- [TASK GOAL] Would you set down the data that follows, word for word, without any pictures?

- [PROVIDED DATA]
____
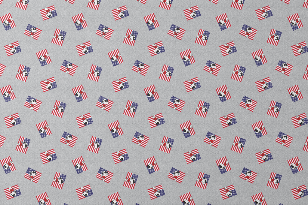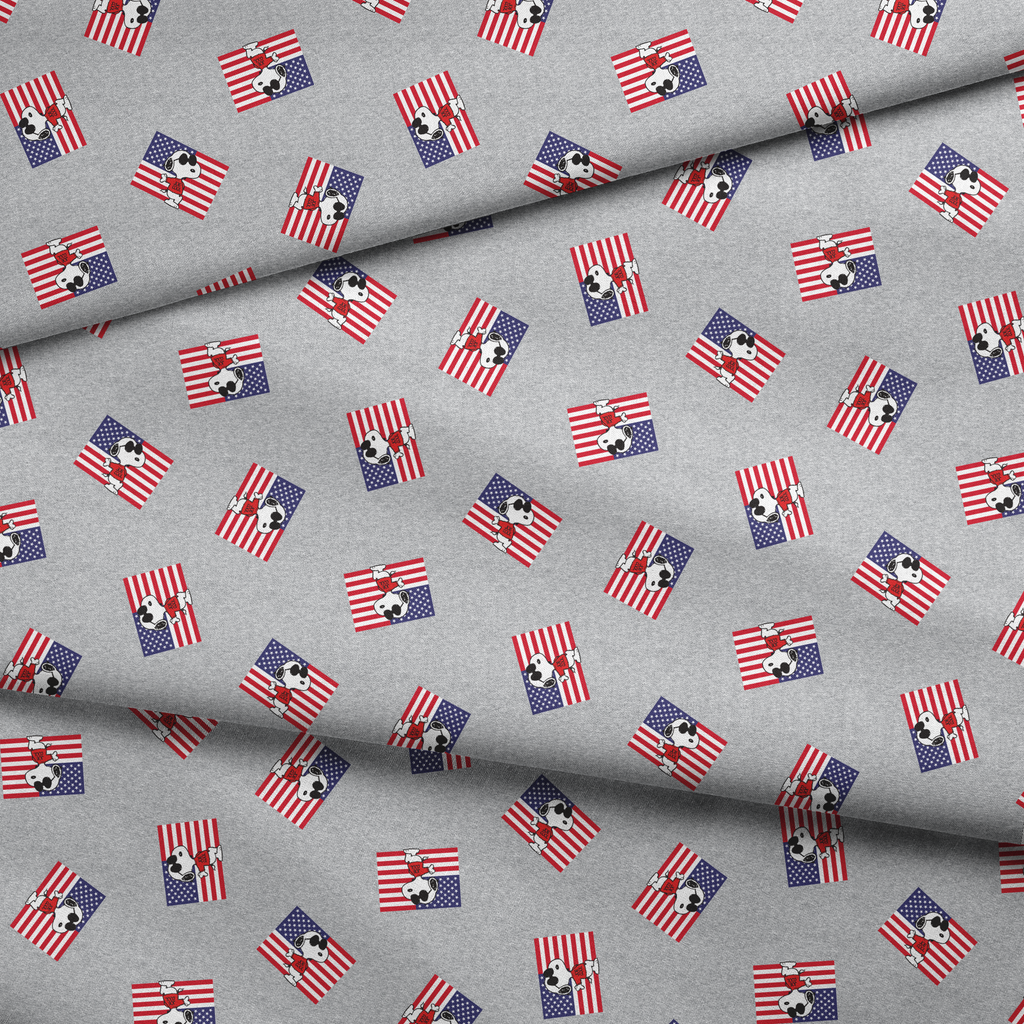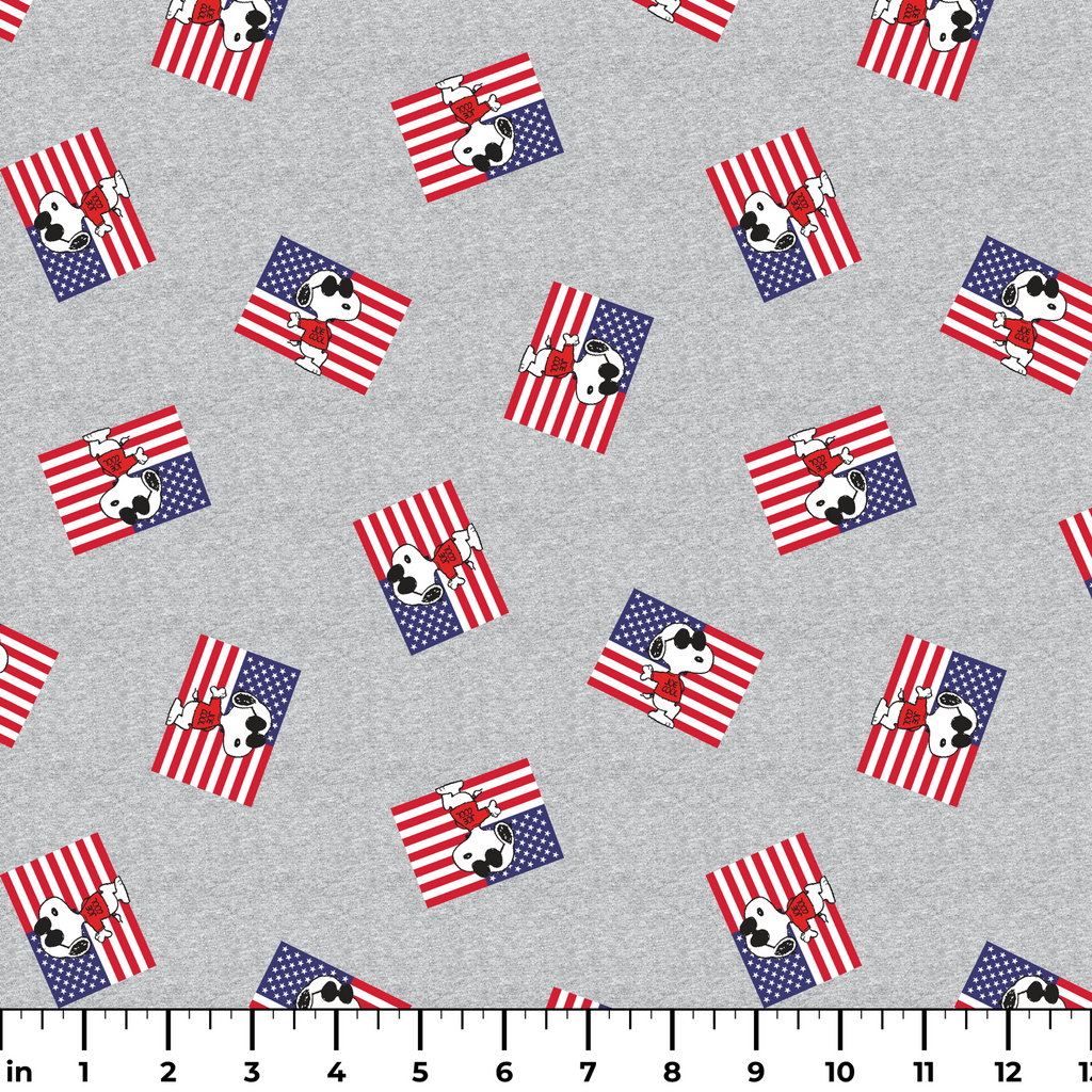 This patriotic Peanuts toss features American flags with Snoopy lounging scattered across a light gray background - perfect for crafting projects and USA pride!
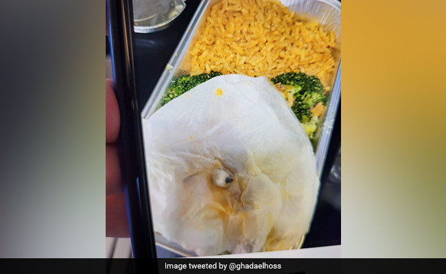 The gruesome image showed what appeared to be a dental implant wrapped in a white napkin. It is pictured alongside an in-flight meal consisting of rice and some vegetables.
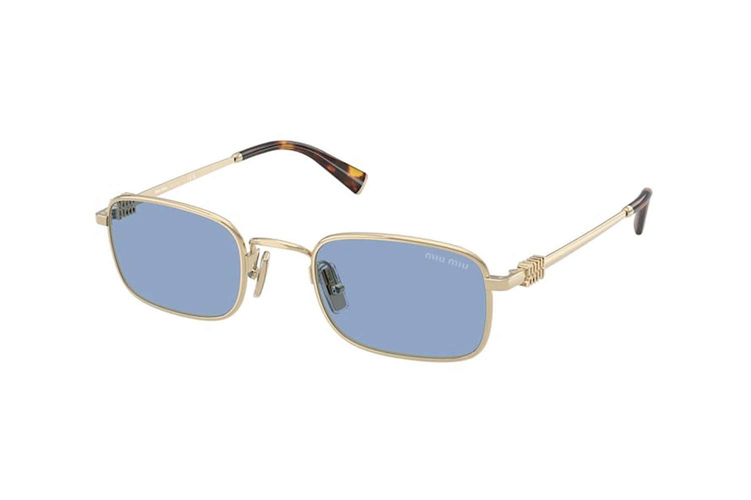 49 Miu-Miu A53S ZVN60O 49, Τετράγωνο σκελετός Μεταλλο, Χρυσό, Gold Pale Gold, φακοί Ανοιχτό Μπλε Βιολογικό Πολυαμίδιο - Light Blue, Γυναικείο, half rim - nylor, Adjustable Nosepads γυαλιά ηλίου Γυναικείο
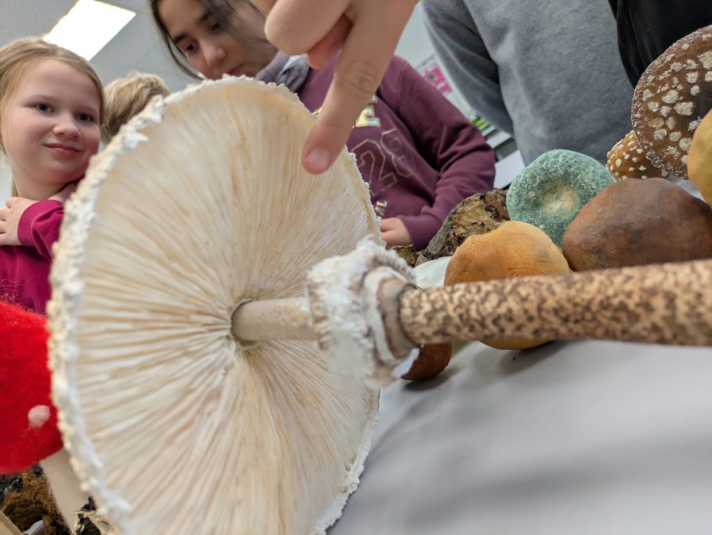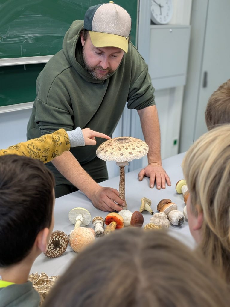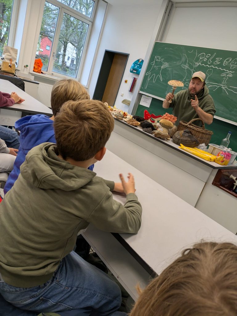 Dass es neben Pflanzen und Tieren einen weiteren spannenden Bereich in der Biologie gibt, konnten alle fünften Klassen ganz hautnah erleben. Neben echtem Anschauungsmaterial wie dem Birkenporling, lagen auch verblüffend echte Nachbildungen in seinem Körbchen. Den grünen Knollenblätterpilz lassen wir lieber links liegen, für die Gesundheit, gerade in der kalten Jahreszeit, sind Pilze aber nicht nur in der Pfanne ein Genuss, sondern auch als Tee und für Wunden ein wahres Wundermittel. Pilze statt Pflaster, wir haben nicht schlecht gestaunt.
____
- [SOLVED EXERCISE]
 This patriotic Peanuts toss features American flags with Snoopy lounging scattered across a light gray background - perfect for crafting projects and USA pride!
 The gruesome image showed what appeared to be a dental implant wrapped in a white napkin. It is pictured alongside an in-flight meal consisting of rice and some vegetables.
 49 Miu-Miu A53S ZVN60O 49, Τετράγωνο σκελετός Μεταλλο, Χρυσό, Gold Pale Gold, φακοί Ανοιχτό Μπλε Βιολογικό Πολυαμίδιο - Light Blue, Γυναικείο, half rim - nylor, Adjustable Nosepads γυαλιά ηλίου Γυναικείο
 Dass es neben Pflanzen und Tieren einen weiteren spannenden Bereich in der Biologie gibt, konnten alle fünften Klassen ganz hautnah erleben. Neben echtem Anschauungsmaterial wie dem Birkenporling, lagen auch verblüffend echte Nachbildungen in seinem Körbchen. Den grünen Knollenblätterpilz lassen wir lieber links liegen, für die Gesundheit, gerade in der kalten Jahreszeit, sind Pilze aber nicht nur in der Pfanne ein Genuss, sondern auch als Tee und für Wunden ein wahres Wundermittel. Pilze statt Pflaster, wir haben nicht schlecht gestaunt.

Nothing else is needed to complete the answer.